SPEECH ACCENT ARCHIVE.

“The speech accent archive uniformly presents a large set of speech samples from a variety of language backgrounds. Native and non-native speakers of English read the same paragraph and are carefully transcribed. The archive is used by people who wish to compare and analyze the accents of different English speakers.” From the About page:

The speech accent archive is established to uniformly exhibit a large set of speech accents from a variety of language backgrounds. Native and non-native speakers of English all read the same English paragraph and are carefully recorded. The archive is constructed as a teaching tool and as a research tool. It is meant to be used by linguists as well as other people who simply wish to listen to and compare the accents of different English speakers…
All of the linguistic analyses of the accents are available for public scrutiny. We welcome comments on the accuracy of our transcriptions and analyses.

They include “a phonetic transcription of the sample, a set of the speaker’s phonological generalizations, a link to a map showing the speaker’s place of birth, and a link to the Ethnologue language database,” as well as a set of native language phonetic inventories. The archive is a project of the Program in Linguistics, the Technology across the Curriculum Program, and the Center for History and New Media of George Mason University. (Thanks for the heads-up, Bonnie!)
Addendum. KanTalk, a “space to practice spoken English or any other languages,” has a collection of recordings (currently 248) of the “Please call Stella” paragraph read by people from all sorts of linguistic backgrounds; you can record your own version if you like.

Comments

  1. Doug Sundseth says

    “[P]lace of birth” seems a thin reed on which to hang generalizations about accents. TCKs (Third-Culture Kids) constitute an ever-increasing part of the population, and it seems unlikely to be useful to categorize such people by birthplace.
    Is there any filtering mechanism to remove these samples from the database?

  2. Sociologist David Pollock describes a TCK as “a person who has spent a significant part of his or her developmental years outside the parents’ culture. The TCK builds relationships to all of the cultures, while not having full ownership of any.
    Kipling didn’t have full ‘ownership,’ of British culture? I’m certain that would have surprised him!

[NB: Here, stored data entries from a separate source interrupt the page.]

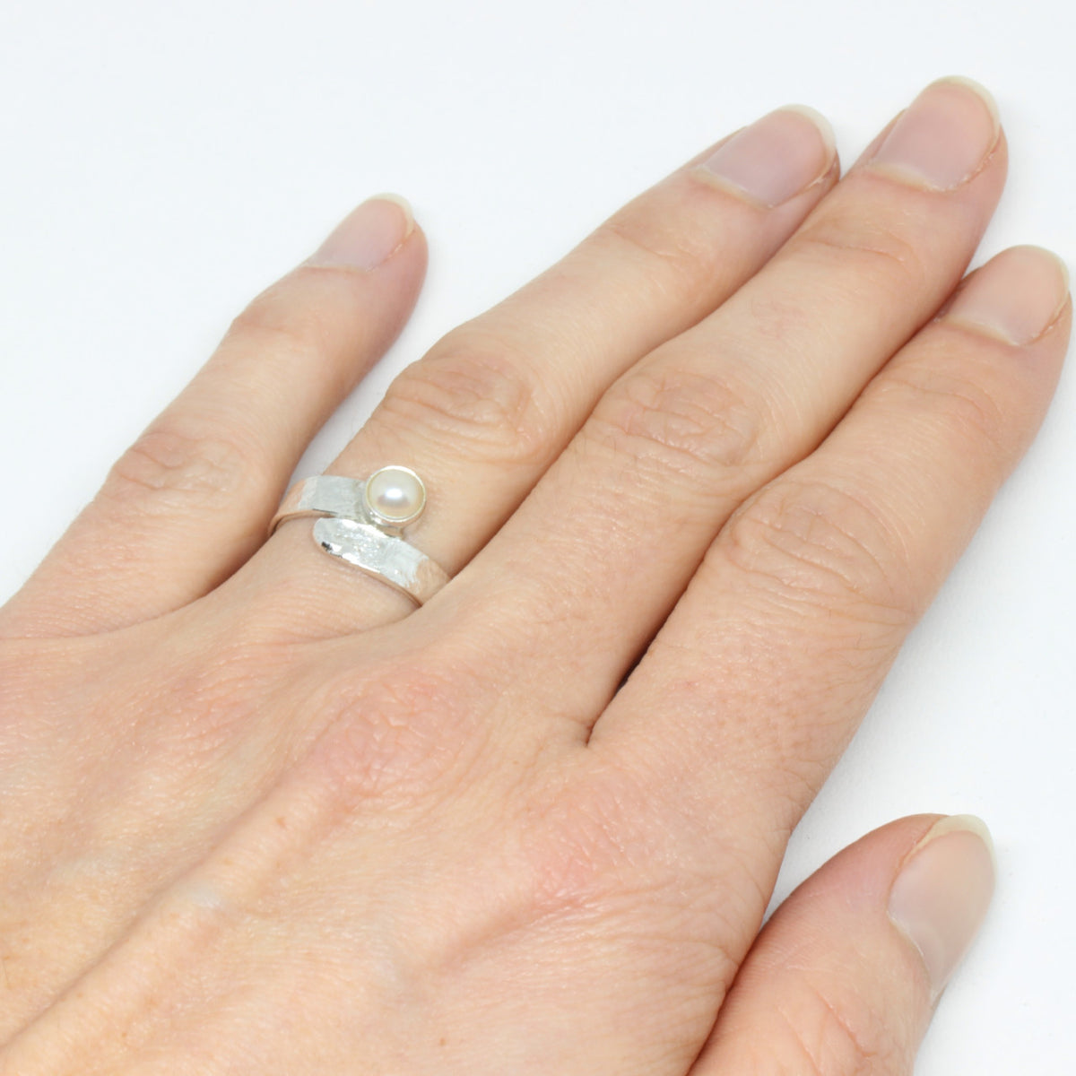 Eines unserer neuesten Entwürfe ist dieses tolle Schmuckstück. Es handelt sich um ein Unikat aus 925er Sterlingsilber. Wir haben den Ring in unserer kleinen Goldschmiede hergestellt. Das Besondere ist die raffinierende Struktur vereint mit der aufregenden Süßwasserperle.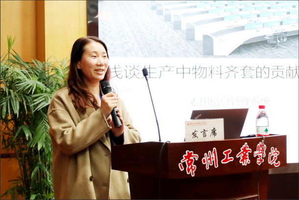 中電科技三河精密制造有限責(zé)任公司計(jì)劃經(jīng)理王衛(wèi)娟做了題為《淺談生產(chǎn)中物料齊套的貢獻(xiàn)和方法》的報(bào)告。
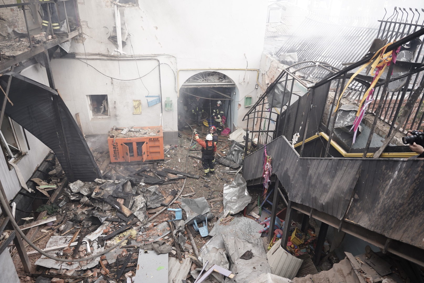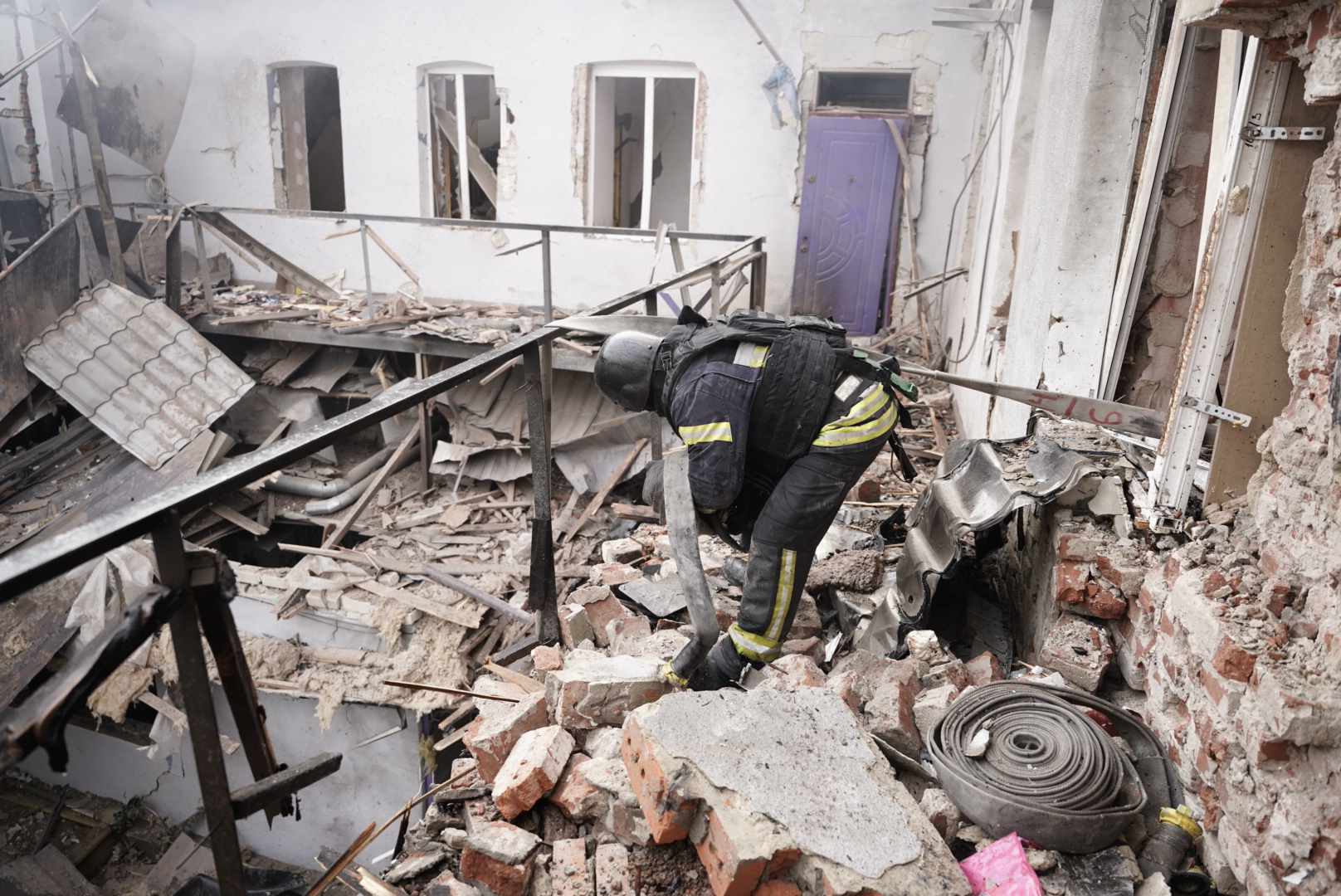 Cover photo: Emergency worker goes to the second floor of kindergarten in Kharkiv, severely damaged by three Russian kamikaze drones / Photo: Gwara Media, Mykyta Kuznetsov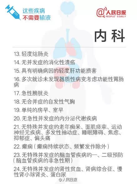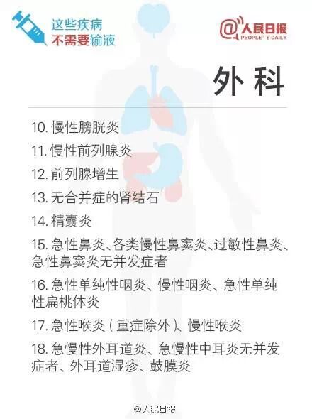 卫计委公布了“53种不需要输液”的疾病清单,清单一公布,立刻在网上热传。记者发现,其中包括常见病多发病,一些外科、妇科炎症以及小儿的疾病,都明确可以不需要使用抗生素输液。记者昨日请南京专家解读这份清单,专家表示有些“发炎”不是细菌感染,使用抗生素无效反而会导致滥用。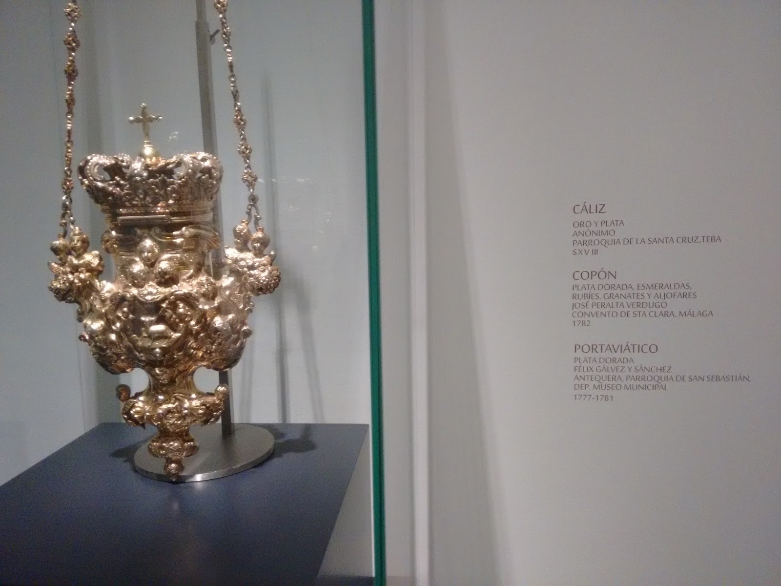 Tras cruzar por una cuarta sala, que llamará bastante la atención del visitante por su espectacular montaje, la penúltima sala de la muestra con piezas religiosas que forman parte de la Liturgia de la Eucaristia cuenta entre ellas con el portaviático en plata dorada realizado por Félix Gálvez y Sánchez y fechado entre los años 1777 y 1781, que forma parte de los elementos religiosos de la Iglesia Parroquial de San Sebastián y que se encuentra durante el año en depósito en el Museo de la Ciudad de Antequera.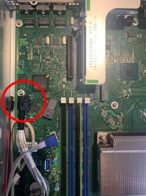 SATAケーブルを抜き取り、RAIDカード側の1のポートに挿し込みます。(赤円部分)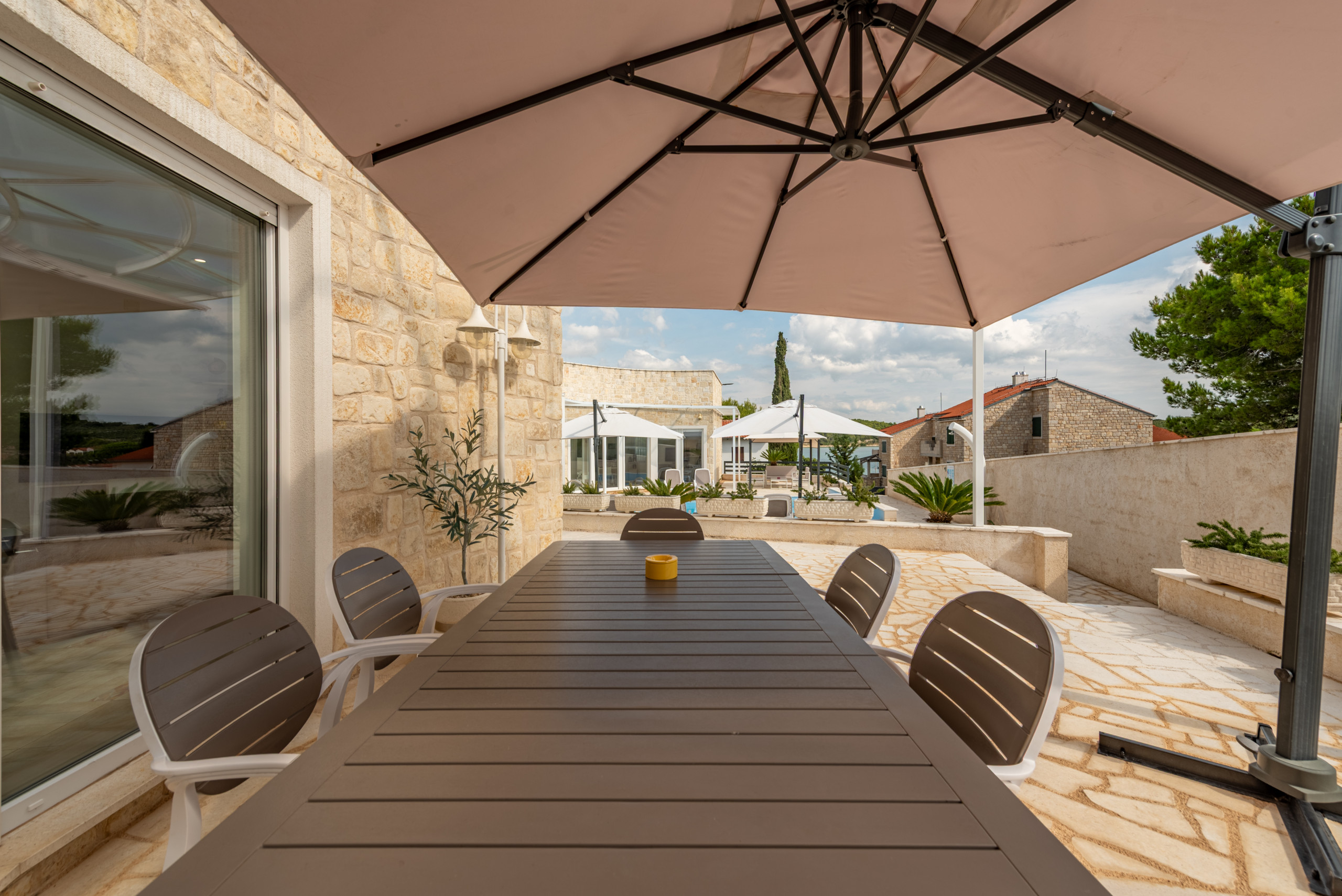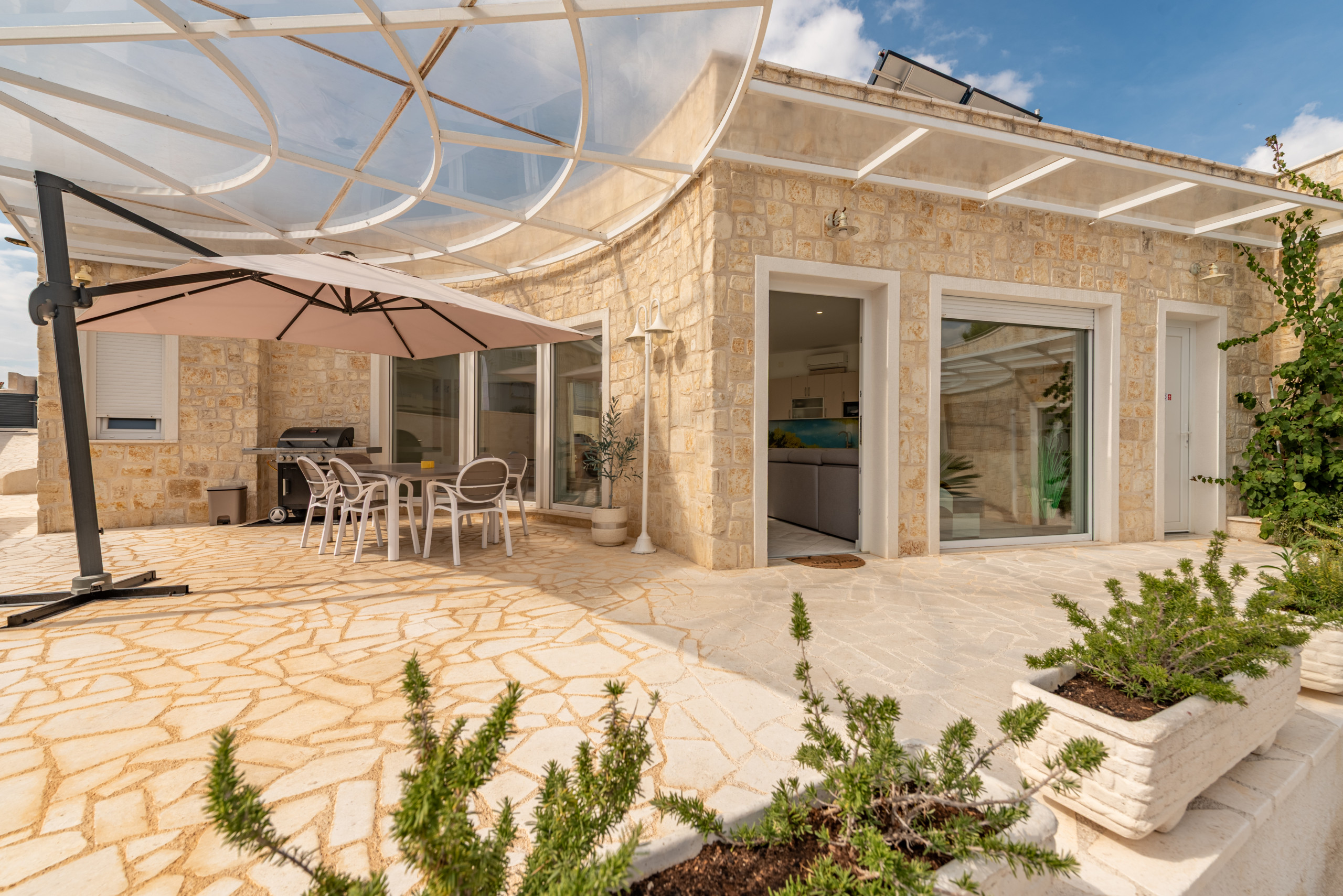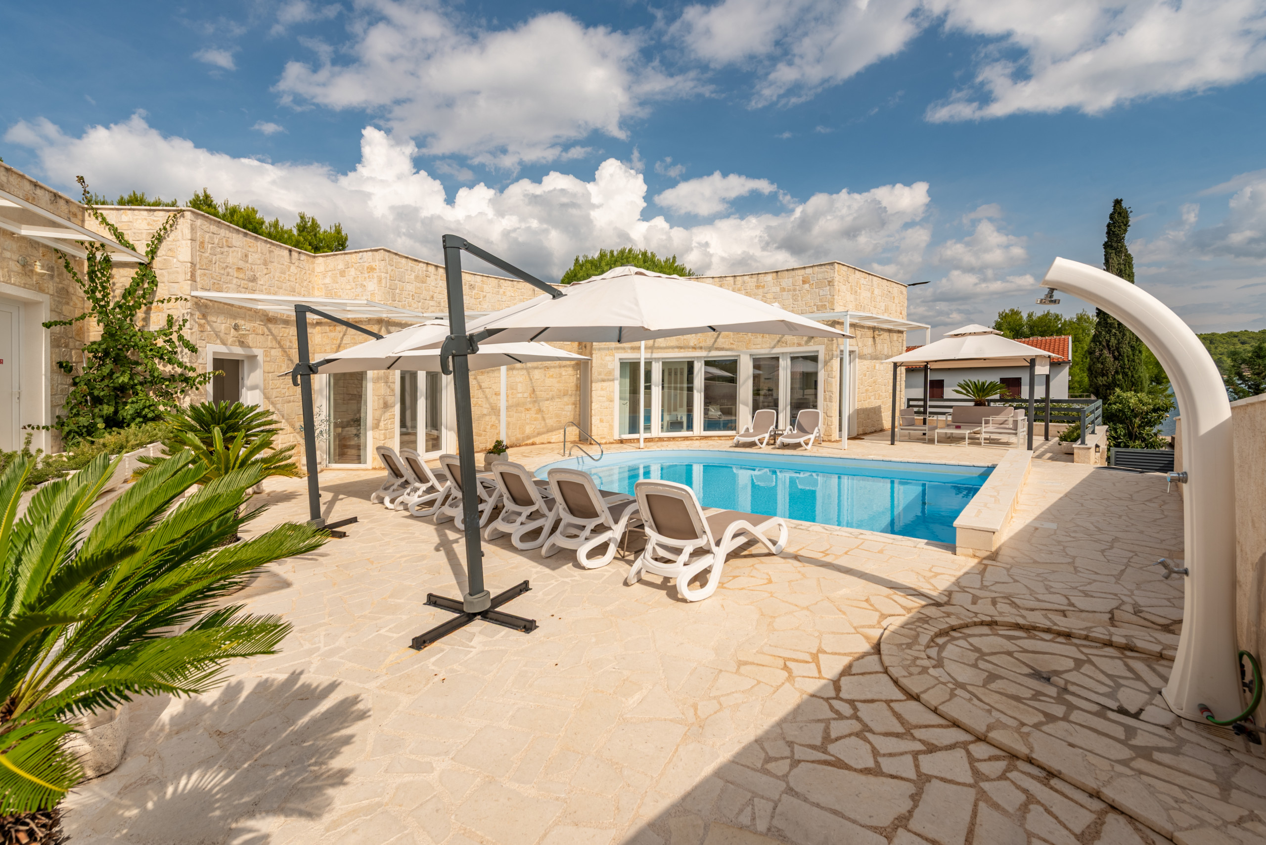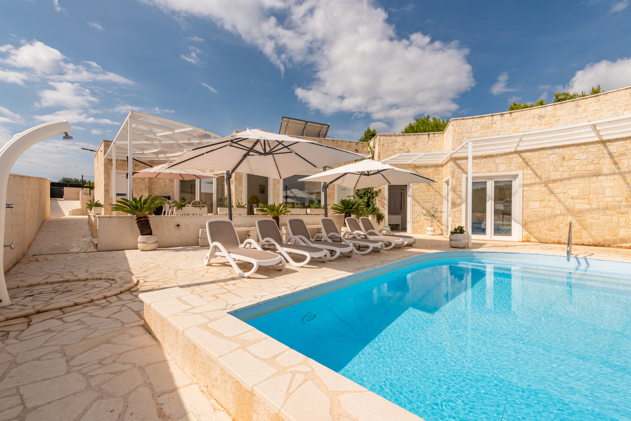 Der Außenbereich der Villa ist ebenso beeindruckend wie das Innere. Das gesamte Anwesen ist eingezäunt, und in dem wunderschönen mediterranen Garten wachsen Rosmarin, Zitronen, Orangen und Oliven, die eine ruhige und angenehme Atmosphäre schaffen. Ein Pool mit Außendusche lädt zur Entspannung ein, während sich im Hof ein Kinderspielplatz mit Rutsche befindet. Für die Erkundung der Insel stehen den Gästen außerdem zwei Fahrräder zur Verfügung.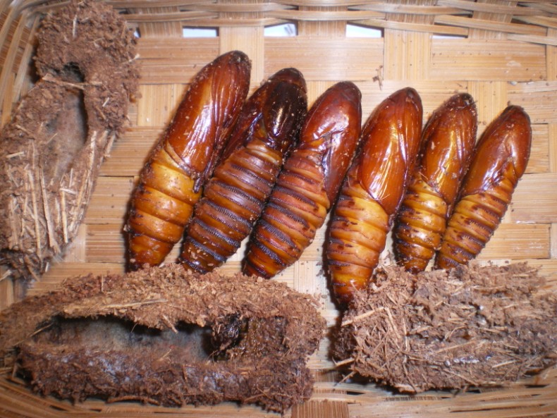 questa volta mi sono portato via una brattea fogliarie morta dove alloggiare le due larve, ed ho raccolto anche tre bozzoli ed una pupa (che verranno immediatamente soppressi allo sfarfallamento :dead: ).

  3. I think place of birth should be replaced by place of elementary or secondary education. I never said more than “mama” in the place I was born–in Kentucky while my Virginian father was in seminary–and I grew up among people who spoke English either with a typical Japanese accent (which I can replicate pretty well) or with a variety of mostly Southern American accents. Nevertheless, I had purged most of my regional accent by the time I reached high school.
    Some of the missionaries spoke Japanese with appalling foreign accents, but many spoke quite fluently, and I would be very interested to see a similar compilation of nonnative accents in Japanese.
    Despite all that, I think the concept of TCKs has been oversold, partly by cross-cultural psychologists in search of clients, partly by self-promoting internationalists. In fact, the parents of TCKs, are usually living outside their own culture, adapting their own language and behavior to both a surrounding dominant “second” culture, plus a weird mix of other foreigners they frequently interact with. They’re already creolizing.
    Although I’m much more open to the concept of mixed languages than most linguists (from studying New Guinea languages), in such case, too, it almost always turns out on closer examination that one heritage predominates linguistically, although another may dominate culturally. (I’m far more American than Japanese, both linguistically and culturally.) In short, the idea of excluding TCKs from providing language samples seems to resurrect Neogrammarian, or at least pre-Labovian, ideas of imagined linguistic purity. Ain’t no such thing, and hardly ain’t never been, IMHO.

  4. Doug Sundseth says

    I agree that the TCK thing has been oversold. The experience is different from the typical (as I think you might agree), but not so different as to be unrecognizable.
    That said, TCK seemed a reasonable shorthand in this context for kids born somewhere with an accent unrelated to the accent of their parents and to that of their peers during their first N years of life. FWIW, I was born in Minnesota, spent most of my life before first grade in California, Colorado, and Idaho, and spent much of 1st grade and all of 2nd grade in the Tidewater region of Virginia.
    I’m sure there are pieces of all of the accents of all of those areas in my surviving accent (I recognize some of the pieces), but it’s surely not representative of Minnesota. Adding such an accent to a database as a Red River Valley accent would be misleading.

  5. “Sorry, Doug, but we don’t think you’re quite right for ‘Fargo’. We appreciate your thinking of us.”

  6. Doug Sundseth says

    Geez, I can do that accent better than those actors did, anyway. I just need to repress the occasional “All y’all want a sodapop with that hotdish?”

  7. Being a second-generation Mexican-American, and of fifth generation German Jew, what then does that make me? And if my father’s father lived on the East Coast for at least a third of a lifetime, so he carried with him the Jersey accent, then exactly what am I? Am I a SCK, or Second Culture Kid, or a Third Culture Kid?
    Or am I just messed the (bunny) up? O messed the plunk up?
    btw, I’m with Joel on the above posting. Don’t exclude us, for the love of Pete.